REPUBLIKA.CO.ID, JAKARTA -- Pengamat Politik dari Lembaga Ilmu Pengetahuan Indonesia (LIPI), Siti Zuhro mengingatkan, dua kubu Partai Golkar untuk konsisten dengan kesepakatan setelah proses peradilan. Dalam kesepakatan disebutkan, penentuan kepengurusan merujuk kepada hasil proses peradilan.
“Kedua kubu pernah menyatakan jika akan menghormati hasil peradilan. Siapa yang menang atau kalah dalam proses peradilan akan diterima oleh kedua belah pihak. Artinya, itu adalah solusi yang sudah disepakati bersama mengingat keduanya telah menutup pintu untuk islah,” jelasnya saat dihubungi ROL, Sabtu (16/5).
Selain soal islah, Siti juga melihat dua kubu Golkar tidak mungkin melaksanakan musyawarah nasional luar biasa (munaslub). Karena itu, kesepakatan menanti hasil peradilan dinilai solusi paling tepat bagi sengketa kepengurusan Golkar.
“Jika mereka sudah sepakat, malah justru lebih bagus. Namun, perlu diingat bahwa kesepakatan politik sifatnya bisa tidak pasti. Dalam konteks konflik kepengurusan ini, kubu Agung dan kubu Ical mestinya tidak mengingkari kesepakatan yang sudah dibuat sebelumnya,” tegas dia.

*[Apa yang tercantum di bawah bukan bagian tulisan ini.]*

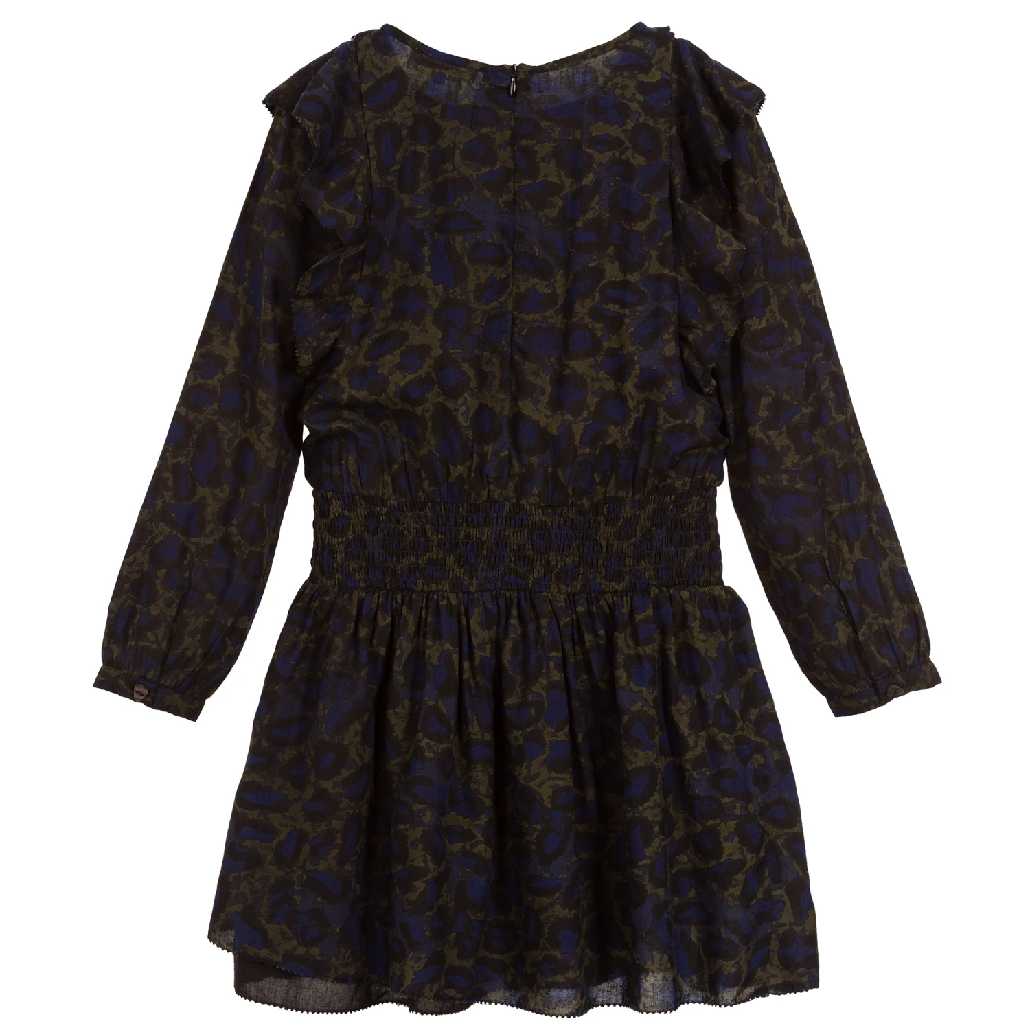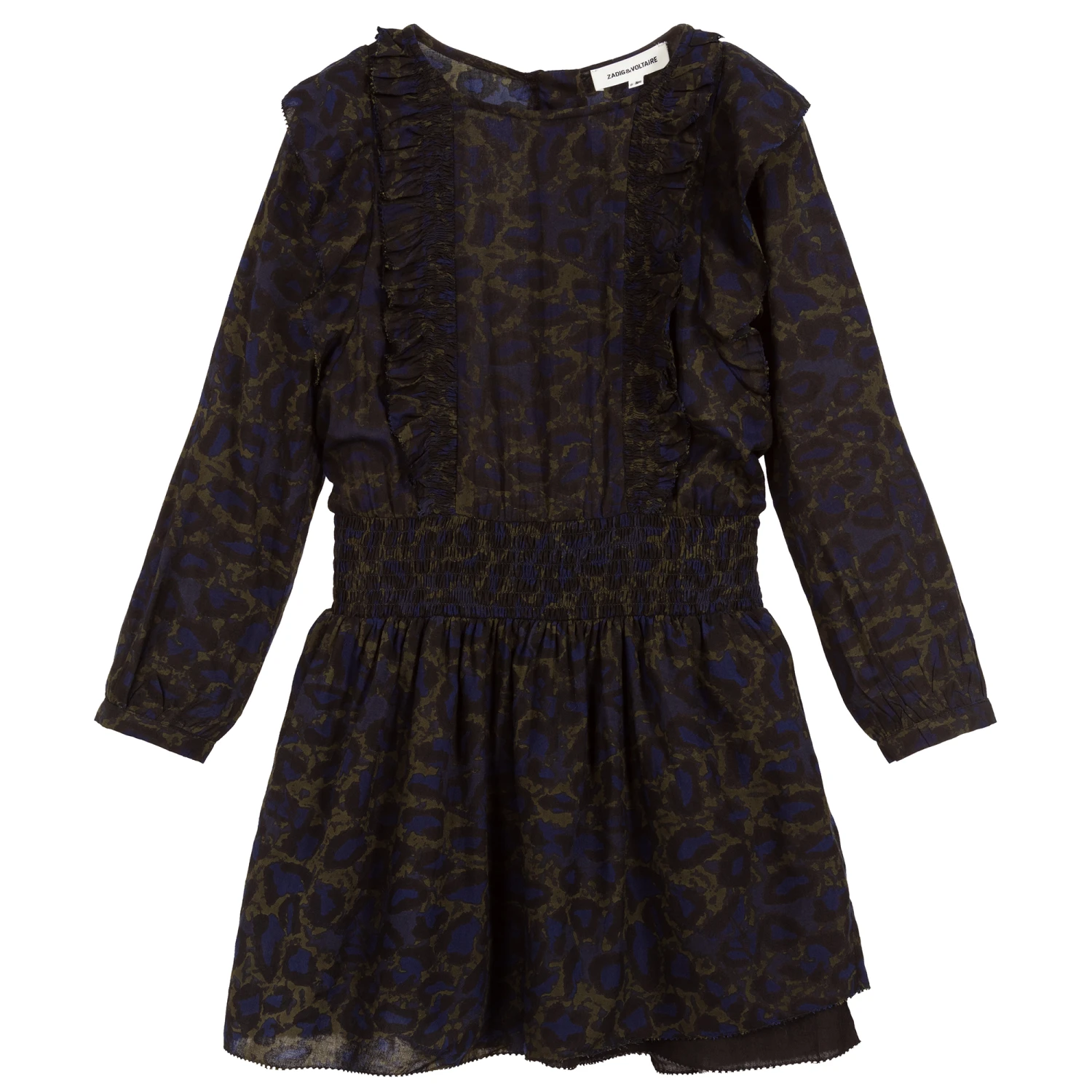 A gorgeous Mini-me dress by Zadig & Voltaire, made in lightweight and soft viscose. It has a black and blue leopard camo print on top of a dark green background, with an elasticated, ruched dropped waist. The embroidered edged ruffles add a feminine ‘rock chic’ look. The hem has an uneven finish.

Dia berharap kedua belah pihak mampu memperjuangkan fakta-fakta hukum yang ada. Sebab, akurasi fakta hukum akan sangat membantu menentukan pengambilan putusan yang paling representatif bagi kedua kubu.
“Fakta hukum yang diajukan harus benar-benar diuji oleh pengadilan. Pihak pengadilan juga harus melacak seperti apa keabsahan fakta hukum yang diajukan oleh kedua kubu.”